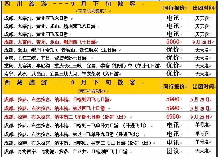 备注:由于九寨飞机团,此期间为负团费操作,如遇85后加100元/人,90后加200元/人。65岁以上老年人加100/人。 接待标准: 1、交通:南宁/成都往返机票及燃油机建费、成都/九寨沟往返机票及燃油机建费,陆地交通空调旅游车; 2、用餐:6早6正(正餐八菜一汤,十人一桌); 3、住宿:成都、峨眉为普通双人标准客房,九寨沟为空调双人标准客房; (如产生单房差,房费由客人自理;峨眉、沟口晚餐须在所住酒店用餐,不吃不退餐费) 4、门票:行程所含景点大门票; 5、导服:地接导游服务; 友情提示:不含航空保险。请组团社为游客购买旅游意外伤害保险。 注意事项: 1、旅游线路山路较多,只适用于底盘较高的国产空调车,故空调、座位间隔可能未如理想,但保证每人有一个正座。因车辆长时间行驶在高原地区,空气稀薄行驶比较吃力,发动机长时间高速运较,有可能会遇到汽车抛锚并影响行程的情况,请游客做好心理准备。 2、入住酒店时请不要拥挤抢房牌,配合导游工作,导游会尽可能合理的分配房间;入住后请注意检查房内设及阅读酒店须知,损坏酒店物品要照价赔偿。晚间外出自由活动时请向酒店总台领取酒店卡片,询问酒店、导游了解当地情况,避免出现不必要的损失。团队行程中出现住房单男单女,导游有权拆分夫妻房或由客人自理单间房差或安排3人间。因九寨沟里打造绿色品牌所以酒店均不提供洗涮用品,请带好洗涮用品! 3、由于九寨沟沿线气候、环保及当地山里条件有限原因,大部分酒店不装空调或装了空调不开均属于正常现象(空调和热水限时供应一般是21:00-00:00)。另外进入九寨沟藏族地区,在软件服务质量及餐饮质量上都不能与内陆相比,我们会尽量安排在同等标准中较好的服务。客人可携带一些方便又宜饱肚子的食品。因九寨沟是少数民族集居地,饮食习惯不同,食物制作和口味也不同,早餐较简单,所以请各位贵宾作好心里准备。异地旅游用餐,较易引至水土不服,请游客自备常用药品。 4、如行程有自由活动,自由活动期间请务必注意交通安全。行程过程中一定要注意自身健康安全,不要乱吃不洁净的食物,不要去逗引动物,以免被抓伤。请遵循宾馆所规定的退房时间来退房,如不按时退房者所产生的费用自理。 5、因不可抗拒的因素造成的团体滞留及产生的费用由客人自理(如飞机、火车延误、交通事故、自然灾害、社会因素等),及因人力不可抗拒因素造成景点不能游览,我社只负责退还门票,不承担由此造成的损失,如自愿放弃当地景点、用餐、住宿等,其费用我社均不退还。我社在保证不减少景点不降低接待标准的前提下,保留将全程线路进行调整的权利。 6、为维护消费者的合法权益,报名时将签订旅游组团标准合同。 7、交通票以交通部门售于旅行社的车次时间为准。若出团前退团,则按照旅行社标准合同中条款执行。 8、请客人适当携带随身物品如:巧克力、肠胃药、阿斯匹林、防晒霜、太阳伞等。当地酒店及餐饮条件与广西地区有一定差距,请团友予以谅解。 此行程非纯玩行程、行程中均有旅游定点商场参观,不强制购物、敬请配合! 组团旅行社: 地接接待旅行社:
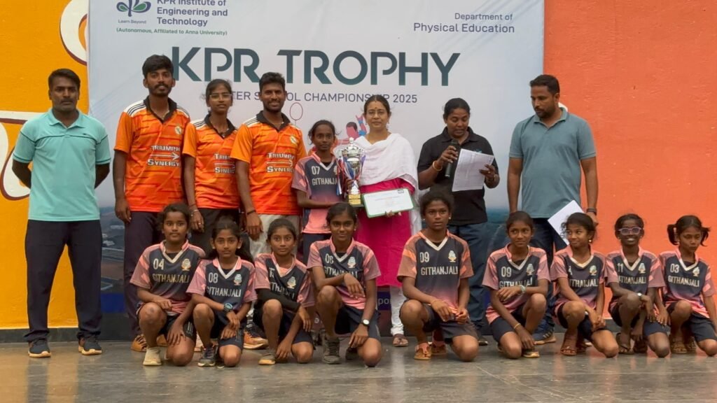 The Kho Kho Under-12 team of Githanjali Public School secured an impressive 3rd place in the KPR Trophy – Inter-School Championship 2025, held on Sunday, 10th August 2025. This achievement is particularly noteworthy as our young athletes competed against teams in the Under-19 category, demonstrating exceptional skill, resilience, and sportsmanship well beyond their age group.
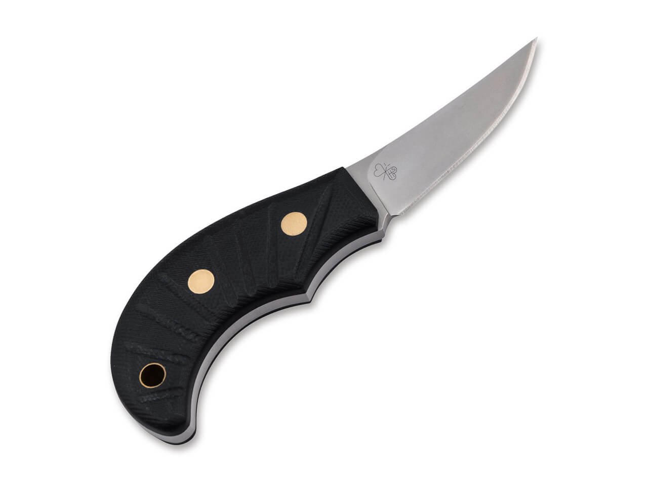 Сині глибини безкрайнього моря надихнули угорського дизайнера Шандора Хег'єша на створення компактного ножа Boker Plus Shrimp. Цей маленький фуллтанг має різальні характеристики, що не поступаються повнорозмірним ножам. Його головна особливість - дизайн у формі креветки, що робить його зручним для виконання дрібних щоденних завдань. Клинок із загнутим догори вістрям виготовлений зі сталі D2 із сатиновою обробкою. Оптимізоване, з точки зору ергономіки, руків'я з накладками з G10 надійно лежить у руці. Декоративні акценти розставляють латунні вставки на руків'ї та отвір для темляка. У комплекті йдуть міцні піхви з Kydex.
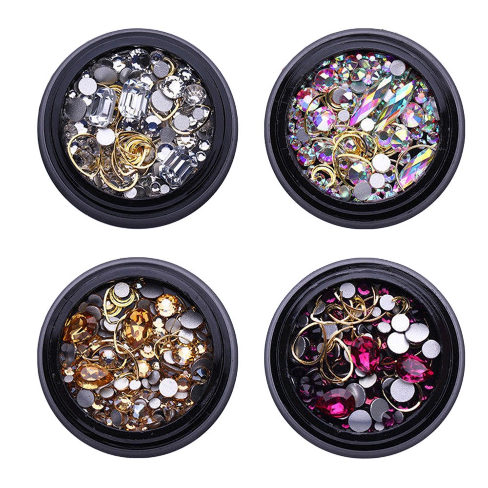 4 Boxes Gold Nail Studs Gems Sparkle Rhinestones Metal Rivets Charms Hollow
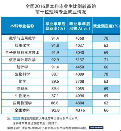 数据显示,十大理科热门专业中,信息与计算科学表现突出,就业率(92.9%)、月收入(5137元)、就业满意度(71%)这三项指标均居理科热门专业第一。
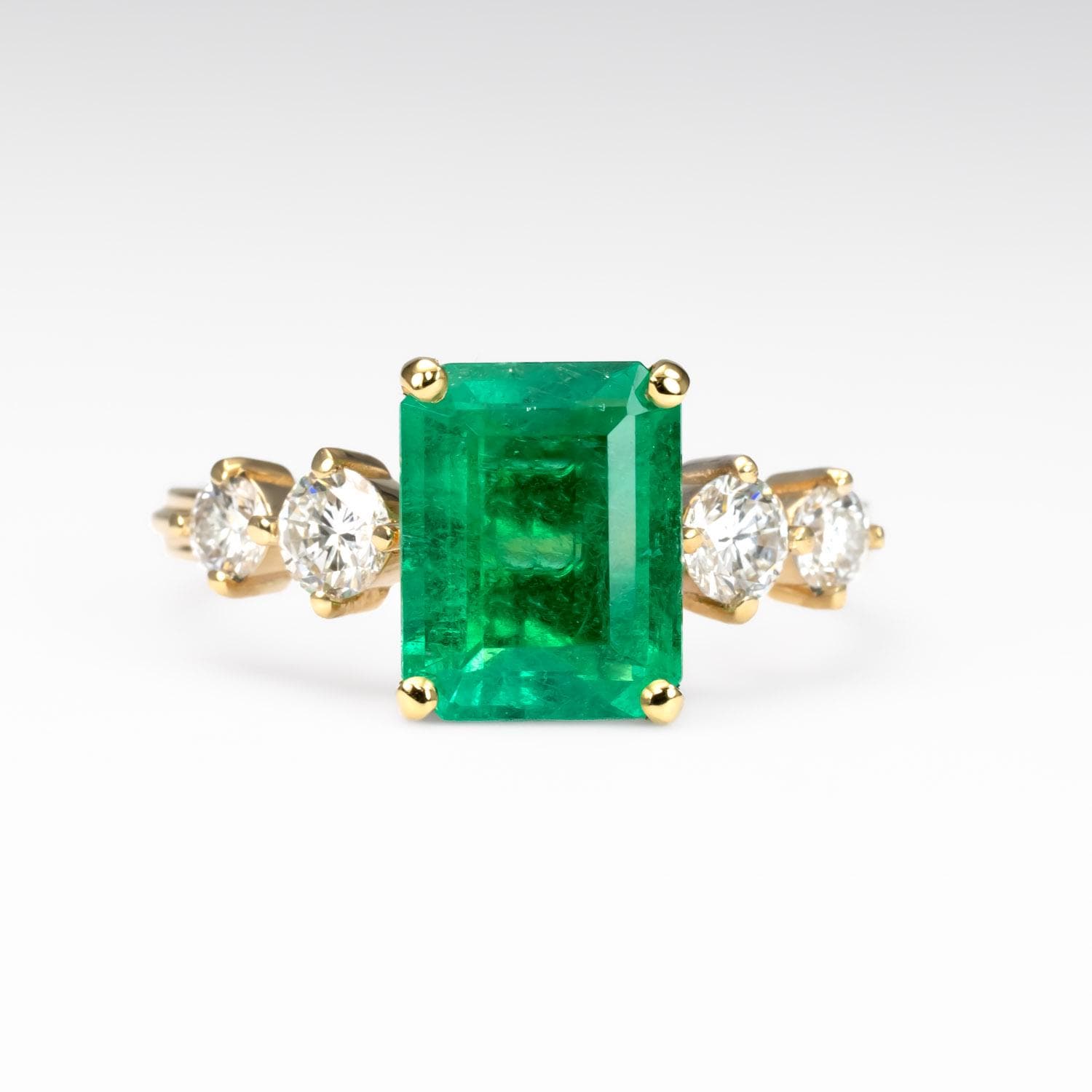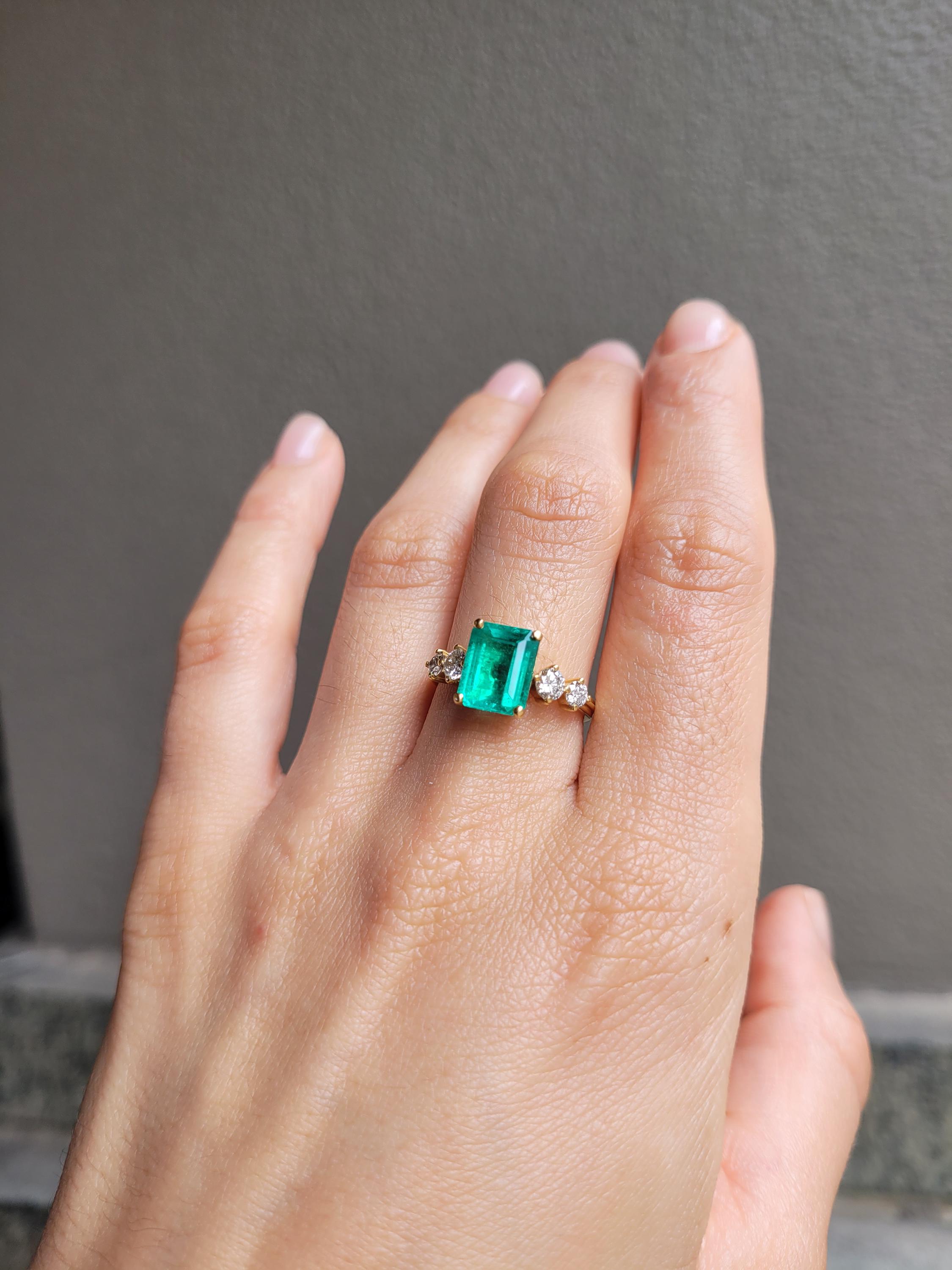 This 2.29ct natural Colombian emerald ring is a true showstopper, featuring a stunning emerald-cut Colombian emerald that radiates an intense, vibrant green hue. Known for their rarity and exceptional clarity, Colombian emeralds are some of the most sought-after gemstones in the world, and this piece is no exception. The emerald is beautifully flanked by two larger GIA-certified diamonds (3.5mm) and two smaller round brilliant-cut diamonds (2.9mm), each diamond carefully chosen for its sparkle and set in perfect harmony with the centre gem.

+ + + +

— Your goal —
Copy all of the data above exactly. Leave out every picture.

— Answer to the problem —
 备注:由于九寨飞机团,此期间为负团费操作,如遇85后加100元/人,90后加200元/人。65岁以上老年人加100/人。 接待标准: 1、交通:南宁/成都往返机票及燃油机建费、成都/九寨沟往返机票及燃油机建费,陆地交通空调旅游车; 2、用餐:6早6正(正餐八菜一汤,十人一桌); 3、住宿:成都、峨眉为普通双人标准客房,九寨沟为空调双人标准客房; (如产生单房差,房费由客人自理;峨眉、沟口晚餐须在所住酒店用餐,不吃不退餐费) 4、门票:行程所含景点大门票; 5、导服:地接导游服务; 友情提示:不含航空保险。请组团社为游客购买旅游意外伤害保险。 注意事项: 1、旅游线路山路较多,只适用于底盘较高的国产空调车,故空调、座位间隔可能未如理想,但保证每人有一个正座。因车辆长时间行驶在高原地区,空气稀薄行驶比较吃力,发动机长时间高速运较,有可能会遇到汽车抛锚并影响行程的情况,请游客做好心理准备。 2、入住酒店时请不要拥挤抢房牌,配合导游工作,导游会尽可能合理的分配房间;入住后请注意检查房内设及阅读酒店须知,损坏酒店物品要照价赔偿。晚间外出自由活动时请向酒店总台领取酒店卡片,询问酒店、导游了解当地情况,避免出现不必要的损失。团队行程中出现住房单男单女,导游有权拆分夫妻房或由客人自理单间房差或安排3人间。因九寨沟里打造绿色品牌所以酒店均不提供洗涮用品,请带好洗涮用品! 3、由于九寨沟沿线气候、环保及当地山里条件有限原因,大部分酒店不装空调或装了空调不开均属于正常现象(空调和热水限时供应一般是21:00-00:00)。另外进入九寨沟藏族地区,在软件服务质量及餐饮质量上都不能与内陆相比,我们会尽量安排在同等标准中较好的服务。客人可携带一些方便又宜饱肚子的食品。因九寨沟是少数民族集居地,饮食习惯不同,食物制作和口味也不同,早餐较简单,所以请各位贵宾作好心里准备。异地旅游用餐,较易引至水土不服,请游客自备常用药品。 4、如行程有自由活动,自由活动期间请务必注意交通安全。行程过程中一定要注意自身健康安全,不要乱吃不洁净的食物,不要去逗引动物,以免被抓伤。请遵循宾馆所规定的退房时间来退房,如不按时退房者所产生的费用自理。 5、因不可抗拒的因素造成的团体滞留及产生的费用由客人自理(如飞机、火车延误、交通事故、自然灾害、社会因素等),及因人力不可抗拒因素造成景点不能游览,我社只负责退还门票,不承担由此造成的损失,如自愿放弃当地景点、用餐、住宿等,其费用我社均不退还。我社在保证不减少景点不降低接待标准的前提下,保留将全程线路进行调整的权利。 6、为维护消费者的合法权益,报名时将签订旅游组团标准合同。 7、交通票以交通部门售于旅行社的车次时间为准。若出团前退团,则按照旅行社标准合同中条款执行。 8、请客人适当携带随身物品如:巧克力、肠胃药、阿斯匹林、防晒霜、太阳伞等。当地酒店及餐饮条件与广西地区有一定差距,请团友予以谅解。 此行程非纯玩行程、行程中均有旅游定点商场参观,不强制购物、敬请配合! 组团旅行社: 地接接待旅行社:
 The Kho Kho Under-12 team of Githanjali Public School secured an impressive 3rd place in the KPR Trophy – Inter-School Championship 2025, held on Sunday, 10th August 2025. This achievement is particularly noteworthy as our young athletes competed against teams in the Under-19 category, demonstrating exceptional skill, resilience, and sportsmanship well beyond their age group.
 Сині глибини безкрайнього моря надихнули угорського дизайнера Шандора Хег'єша на створення компактного ножа Boker Plus Shrimp. Цей маленький фуллтанг має різальні характеристики, що не поступаються повнорозмірним ножам. Його головна особливість - дизайн у формі креветки, що робить його зручним для виконання дрібних щоденних завдань. Клинок із загнутим догори вістрям виготовлений зі сталі D2 із сатиновою обробкою. Оптимізоване, з точки зору ергономіки, руків'я з накладками з G10 надійно лежить у руці. Декоративні акценти розставляють латунні вставки на руків'ї та отвір для темляка. У комплекті йдуть міцні піхви з Kydex.
 4 Boxes Gold Nail Studs Gems Sparkle Rhinestones Metal Rivets Charms Hollow
 数据显示,十大理科热门专业中,信息与计算科学表现突出,就业率(92.9%)、月收入(5137元)、就业满意度(71%)这三项指标均居理科热门专业第一。
 This 2.29ct natural Colombian emerald ring is a true showstopper, featuring a stunning emerald-cut Colombian emerald that radiates an intense, vibrant green hue. Known for their rarity and exceptional clarity, Colombian emeralds are some of the most sought-after gemstones in the world, and this piece is no exception. The emerald is beautifully flanked by two larger GIA-certified diamonds (3.5mm) and two smaller round brilliant-cut diamonds (2.9mm), each diamond carefully chosen for its sparkle and set in perfect harmony with the centre gem.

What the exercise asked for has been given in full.